== EXTRACTED ENTRIES ==

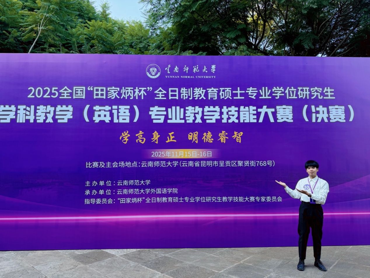 全国100所高校的251名优秀选手历经选拔晋级决赛,在现场模拟授课与现场答辩两大环节中展开激烈角逐。我院2024级学科教学(英语)专业硕士研究生吴文迪同学,凭借扎实的专业功底与出色的临场表现脱颖而出,以前20%的成绩荣获全国决赛二等奖。
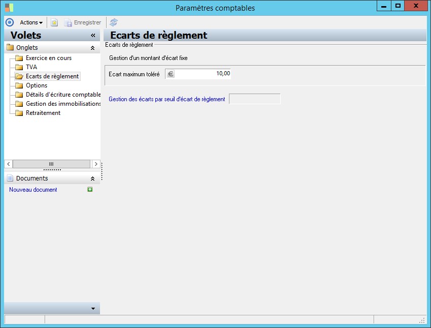 Cette zone détermine l'écart maximal autorisant la génération automatique d'écritures d'ajustement lors des opérations de lettrage dans le cadre de la gestion des écarts de règlement par montant fixe.La définition des écarts s'effectue en effet soit de façon unique (un écart toléré en terme de montant fixe), soit de façon multiple (plusieurs écarts par seuil de règlement).Ces seuils sont exprimés en montant et pour chacun des seuils, il faut renseigner un écart en pourcentage. Ces 2 modes de gestion des écarts de règlement sont exclusifs l'un de l'autre. |
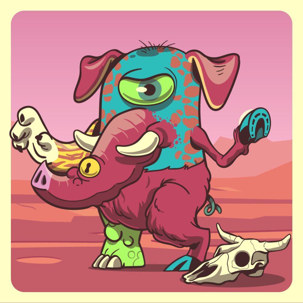 This mutant might have been a Jiraffe. It features fluo cyclops eye, red skull bearing elephant trunk, red dog ears, red horse front leg, uranium tiger arm, red mad goat leg, fluo rhino leg and a green pig tail.
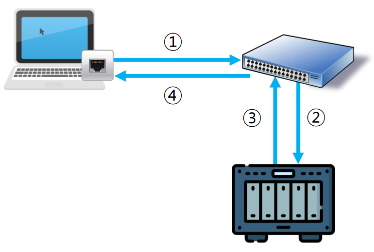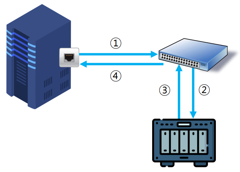 - 클라이언트가 서버에서 구동되는 애플리케이션의 데이터에 접근할 경우, 서버는 네트워크 스위치를 통해 NAS에 접근해서 데이터를 찾아 클라이언트에게 전달함
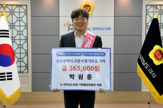 이는 정철 전남도의원과 은봉희 광주 남구의회 의원의 1호 상호기부 이후 이어진 2호 소식으로 박원종 의원은 2023년 시행된 고향사랑기부제를 활성화하고 성공적인 제도의 안착을 바라며 이번 상호기부에 남다른 의미를 두고 있다고 밝혔다.
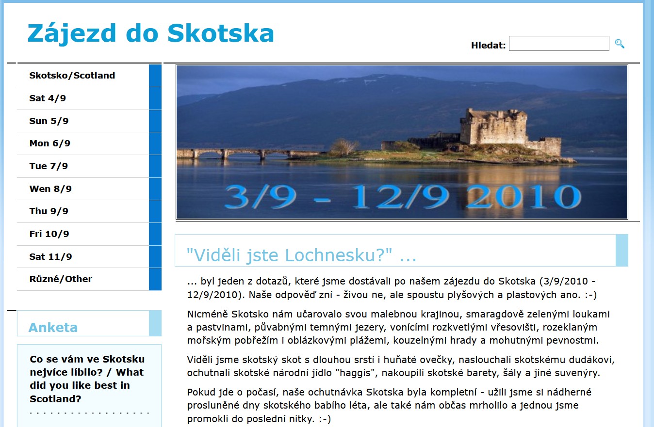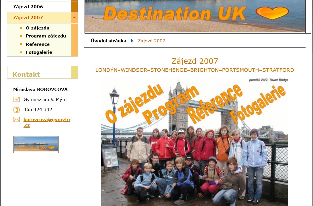 Přehled zájezdů včetně fotografií, webových stránek a prezentací
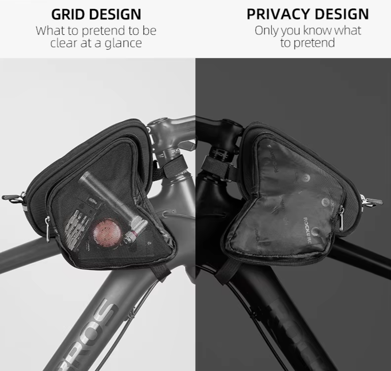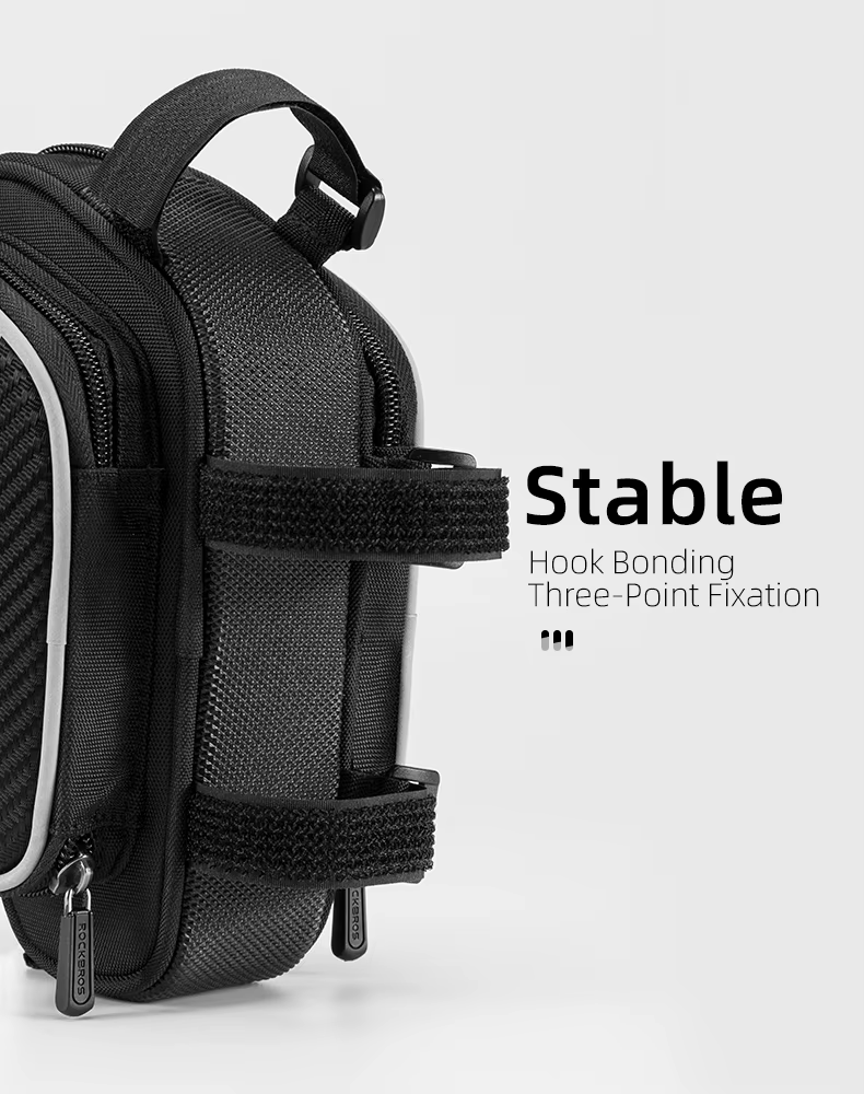 Fixação Estável em Três Pontos: Sistema de velcro com três pontos de fixação que mantém a bolsa firme no quadro, evitando balanços e garantindo mais segurança mesmo em terrenos irregulares:

===

The line with "Cette zone détermine" marks the end: restate word for word every line from the top of the data through that one, omitting pictures.

EXERCISE RESULT:
 全国100所高校的251名优秀选手历经选拔晋级决赛,在现场模拟授课与现场答辩两大环节中展开激烈角逐。我院2024级学科教学(英语)专业硕士研究生吴文迪同学,凭借扎实的专业功底与出色的临场表现脱颖而出,以前20%的成绩荣获全国决赛二等奖。
 Cette zone détermine l'écart maximal autorisant la génération automatique d'écritures d'ajustement lors des opérations de lettrage dans le cadre de la gestion des écarts de règlement par montant fixe.La définition des écarts s'effectue en effet soit de façon unique (un écart toléré en terme de montant fixe), soit de façon multiple (plusieurs écarts par seuil de règlement).Ces seuils sont exprimés en montant et pour chacun des seuils, il faut renseigner un écart en pourcentage. Ces 2 modes de gestion des écarts de règlement sont exclusifs l'un de l'autre. |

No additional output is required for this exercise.